Amanda Shires & Jason Isbell - "High And Dry"

Perhaps because it always seems endearing to spend any amount of time with Amanda Shires and Jason Isbell, they sometimes felt like the heroes of lockdown. With Shires’ “I So Lounging” livestream series, the couple got together with a few friends and often dug into some covers. Usually, it was stuff you might expect from them: Neil Young, John Prine, “Layla.” So it felt special when they busted out Radiohead’s “High And Dry.” With Shires’ twang, they took one of Radiohead’s mistiest Britpop-adjacent compositions and turned it into something more rustic, like a classic folk lament.


Skullcrusher - "Lift"

As you are probably aware by now, Skullcrusher is a bit of a deceptive name. Helen Ballentine makes autumnal folk indie under the moniker, not the kind of heavy music suggested by caving a person’s head in. Her own music already ranked her amongst our list of this year’s best new bands, but her take on the hallowed OK Computer outtake “Lift” is also something very special. Shimmering synths, hiccuping banjo notes, Ballentine’s lilting take on the gorgeous sigh of the “Lilt” melody — it all combines to turn her version into something that’s still wistful, but also a comforting, amber-hued daydream. To hear a young artist come into their own is a gift any time it happens, but alongside Ballentine’s own songs there’s also this, a masterful articulation of a lost Radiohead classic in her own vernacular.

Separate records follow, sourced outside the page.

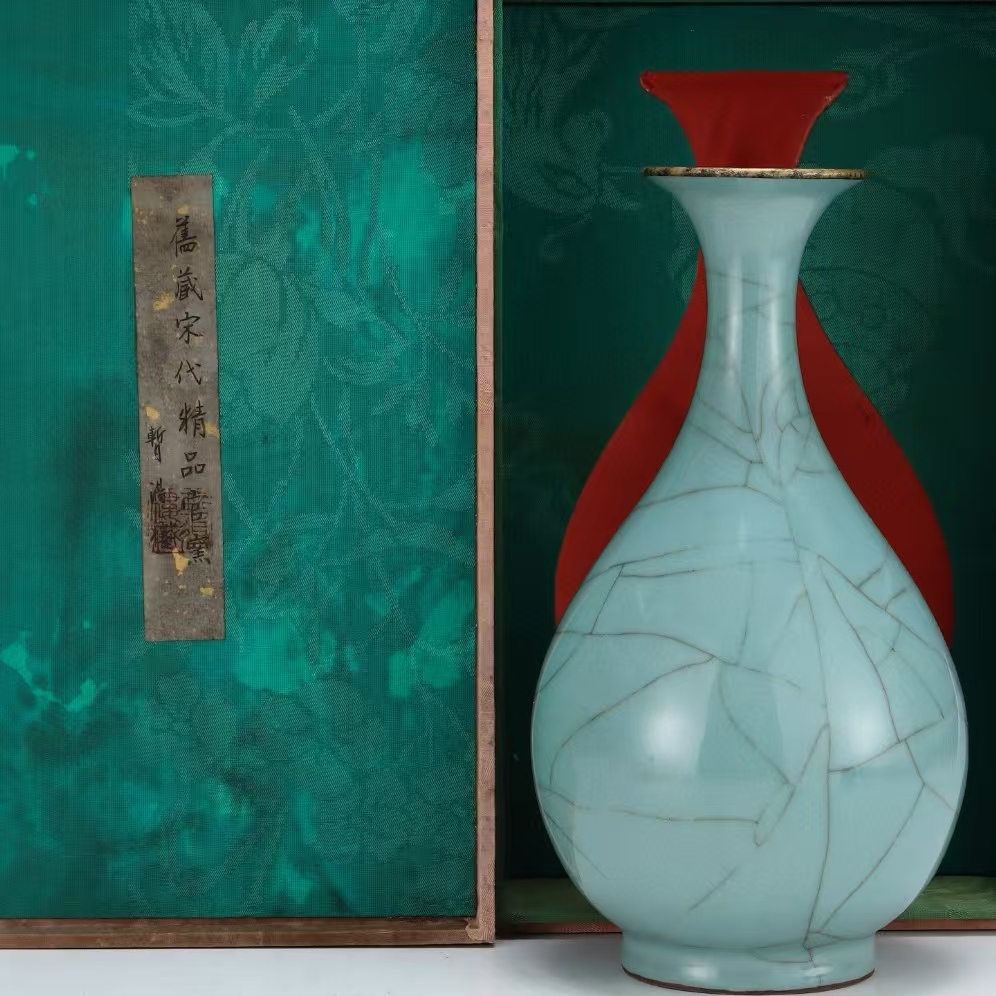 - 磁器 花瓶 秘藏 宋代 天青釉 官窯 汝磁 金 玉壺春瓶 酒器 茶器 唐磁 染付 陶磁器 收蔵品 古美味 時代物 古美術 古置物 珍品 中國文玩6.22
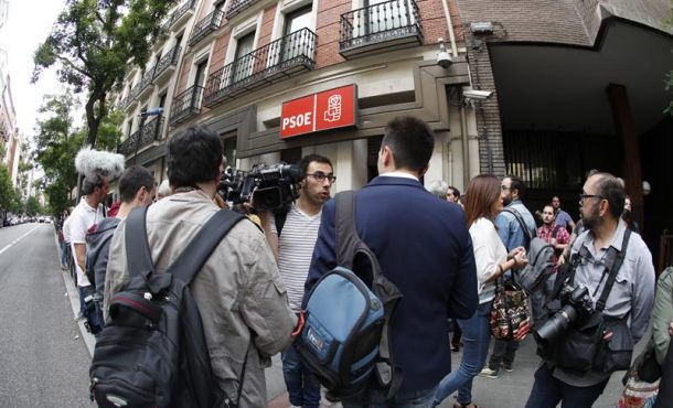 Agencias – A diferencia de Sánchez, Susana Díaz y López han llegado a pie a la sede socialista, donde han pronunciado unas palabras de agradecimiento y apelando a la unidad. Madrid España), domingo 21 de mayo de 2017. Fotografía: Periodistas congregados esta tarde ante la sede del PSOE en la madrileña calle Ferraz, durante el seguimiento de la jornada de elecciones primarias para la Secretaría General en el partido. Efe.
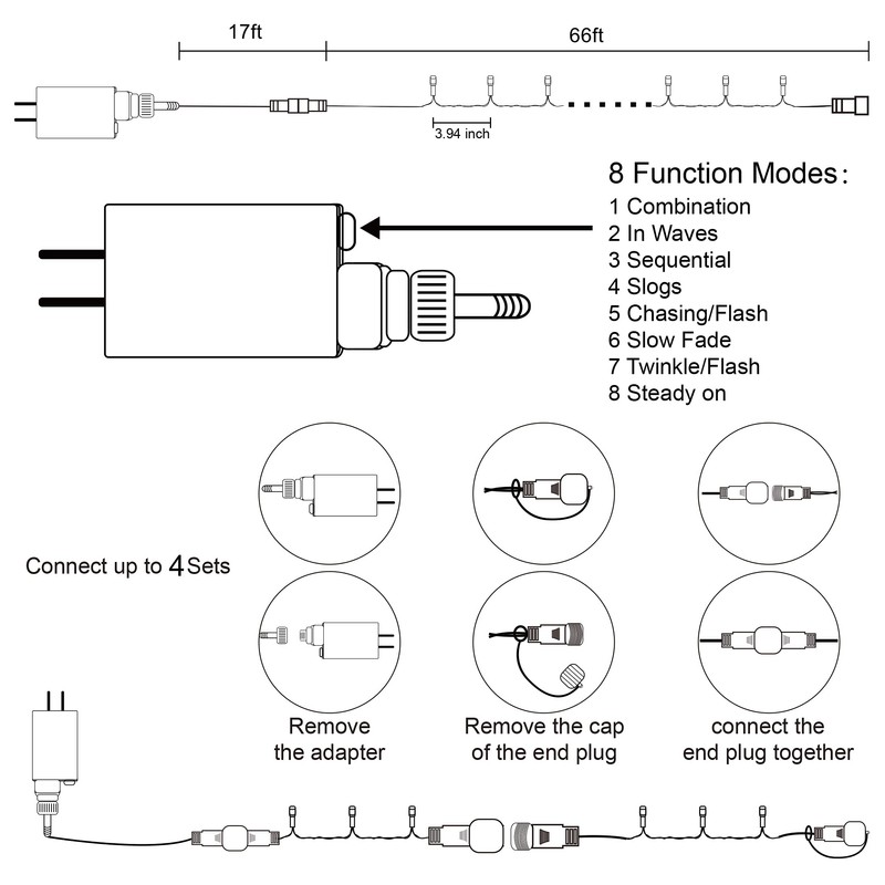 Adapter to the first LED light: 17ft. Total length(lights string and leading line): 83ft.
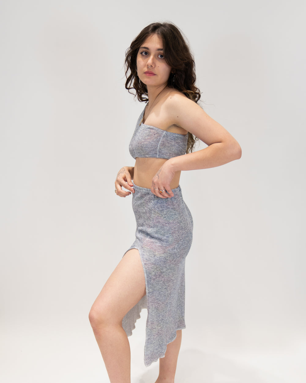 שמלה כתף אחת, כותנה לייקרה כחול אדום מנצנץ, שקופה, שסע צידי
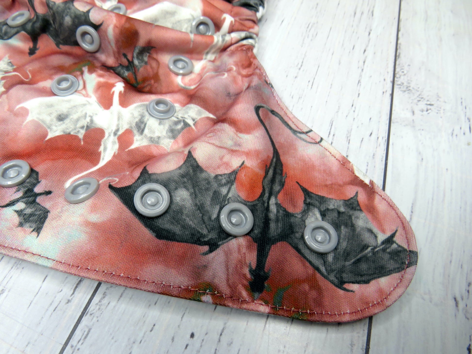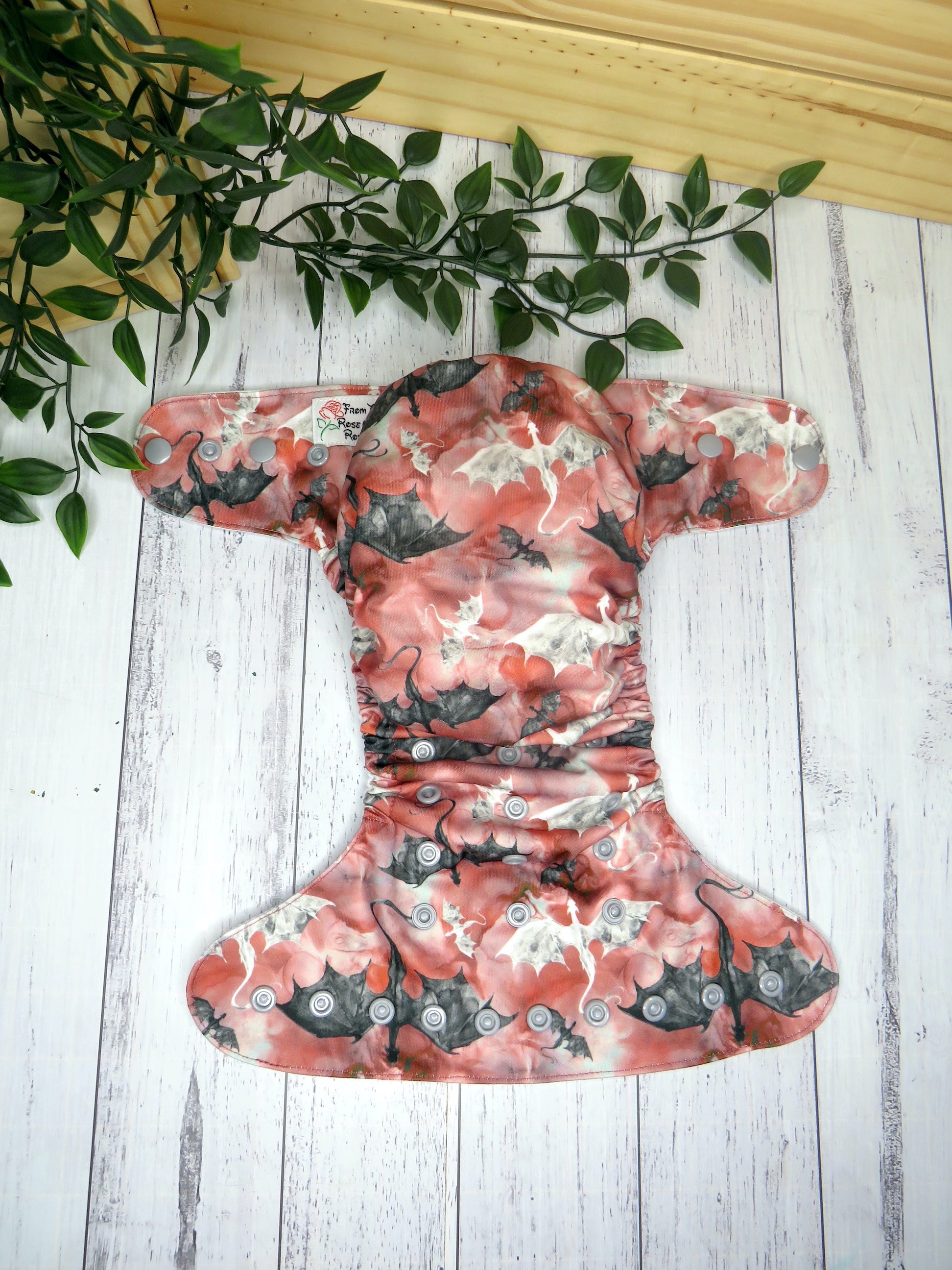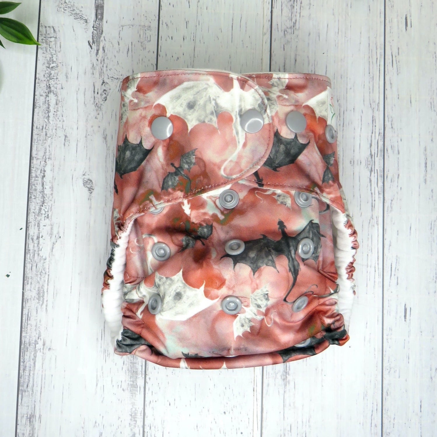 Each nappy comes with a snap in bamboo insert topped with suede cloth and a long bamboo snake insert that can be folded for where the absorbency is needed.

Kelly Lee Owens - "Arpeggi" & Lianne La Havas - "Weird Fishes/Arpeggi"

Both of this year’s best Radiohead covers were interpretations of the great In Rainbows track “Weird Fishes/Arpeggi,” one of Radiohead’s best latter-day songs. Both are entirely different, and both actually reinterpret the song in some recognizable but meaningful way. I can’t decide between them; they are both beautiful.

The first is Kelly Lee Owens’ “Arpeggi,” an instrumental rendition of the song that serves as the scene-setting opener on her great sophomore album Inner Song. (Which, as it happens, was also one of the best albums of the year.) Owens’ version begins as an aqueous gurgle, eventually teasing out that immortal, cascading progression from the song into something a bit more cosmic. For an album that delved deep into a person’s own mind and emotional landscape, there actually felt like there was some thematic heft: The dreaminess inherent in “Weird Fishes,” recontextualized as a digital memory echo.

Lianne La Havas’ “Weird Fishes” begins with a fakeout: that other immortal part of “Weird Fishes,” the drumbeat, suddenly breaking down as La Havas transforms the first half of the song into warm, watery funk. The second half of “Weird Fishes,” when the band keeps layering on new parts and heightening the beauty of the song rather than letting it spiral out of control, is always a transporting experience. The way La Havas rearranges it makes that second half powerful in a new way, a long-awaited release.

Given, both Owens and La Havas’ covers weren’t quarantine performances. They were songs recorded for albums that happened to come out during quarantine, and they naturally have a different scope to them. But they aren’t just the best Radiohead covers of 2020. They’re high-water-mark examples of what people can do with this band’s music, in this year or in any other.